Currently under development.

Implemented features (flows):

  • Resource Owner Password Credentials
  • Client Credentials
  • Refresh token
  • Token revocation
  • Access Token Scopes

Supported token types:

  • Bearer

In progress:

  • Authorization Code Flow (partially implemented)
  • Access Grants
  • Implicit Grant

Documentation valid for master branch

Please check the documentation for the version of Grape::OAuth2 you are using in: https://github.com/nbulaj/grape_oauth2/releases

Table of Contents

Installation

Grape::OAuth2 gem requires only Grape and Rack::OAuth2 gems as the dependency. Yes, no Rails, ActiveRecord or any other libs or huge frameworks :+1:

If you are using bundler, first add 'grape_oauth2' to your Gemfile:

gem 'grape_oauth2', git: 'https://github.com/nbulaj/grape_oauth2.git'

And run:

bundle install

If you running your Grape API with rackup and using the gem from git source, then you need to explicitly require bundler in the config.ru:

require 'bundler/setup'
Bundler.setup

or run your app with bundle exec command:

> bundle exec rackup config.ru
[2016-11-19 02:35:33] INFO  WEBrick 1.3.1
[2016-11-19 02:35:33] INFO  ruby 2.3.1 (2016-04-26) [i386-mingw32]
[2016-11-19 02:35:33] INFO  WEBrick::HTTPServer#start: pid=5472 port=9292

Configuration

Main Grape::OAuth2 configuration must be placed in config/initializers/ (in case you are using Rails) or in some place, that will be processed at the application startup:

Grape::OAuth2.configure do |config|
  # Access Tokens lifetime (expires in)
  config.access_token_lifetime = 7200 # in seconds (2.hours for Rails), `nil` if never expires

  # Authorization Code lifetime
  # config.authorization_code_lifetime = 7200 # in seconds (2.hours for Rails)

  # Allowed OAuth2 Authorization Grants (default is %w(password client_credentials)
  config.allowed_grant_types = %w(password client_credentials refresh_token)

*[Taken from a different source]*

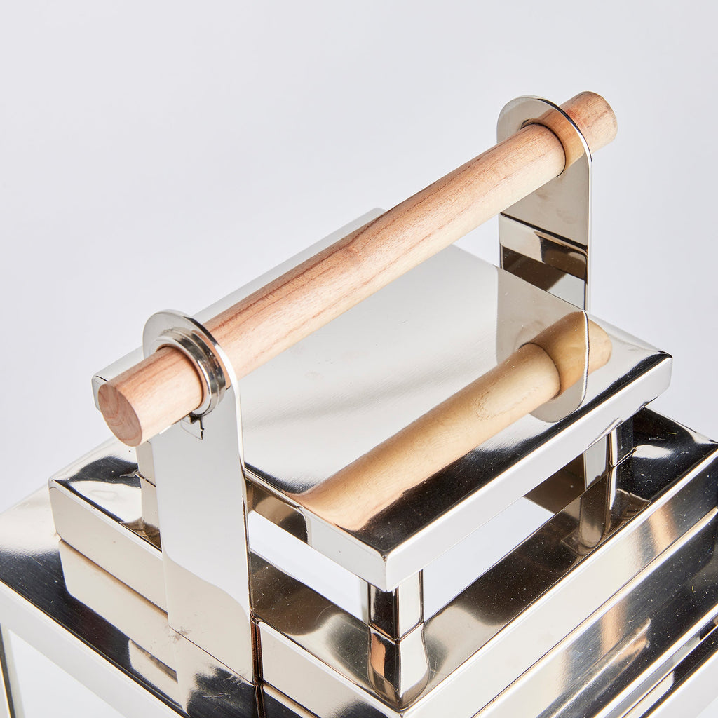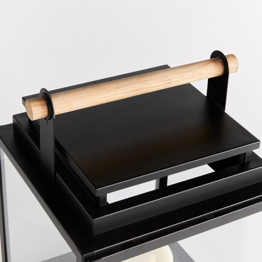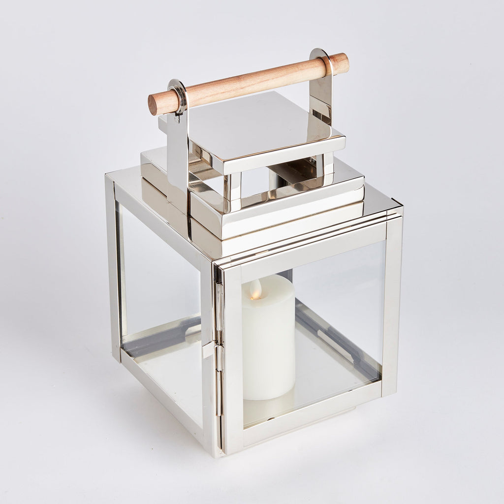 With a teak handle, wide glass panes, and tailored square profile, this outdoor lantern is a handsome look for patio, porch, or lanai. An exclusive design you won't see anywhere else.

  # Issue access tokens with refresh token (default is false)
  config.issue_refresh_token = true

  # Process Access Token that was used for the Refresh Token Flow (default is :nothing).
  # Could be a symbol (Access Token instance must respond to it)
  # or block with refresh token as an argument.
  # config.on_refresh = :nothing

  # WWW-Authenticate Realm (default is "OAuth 2.0")
  # config.realm = 'My API'

  # Access Token authenticator block.
  # config.token_authenticator do |request|
  #   AccessToken.authenticate(request.access_token) || request.invalid_token!
  # end

  # Scopes validator class (default is Grape::OAuth2::Scopes).
  # config.scopes_validator_class_name = 'MyCustomValidator'

  # Token generator class (default is Grape::OAuth2::UniqueToken).
  # Must respond to `self.generate(payload = {}, options = {})`.
  # config.token_generator_class_name = 'JWTGenerator'

  # Classes for OAuth2 Roles
  config.client_class_name = 'Application'
  config.access_token_class_name = 'AccessToken'
  config.resource_owner_class_name = 'User'
end

Currently implemented (partly on completely) grant types: password, client_credentials, refresh_token.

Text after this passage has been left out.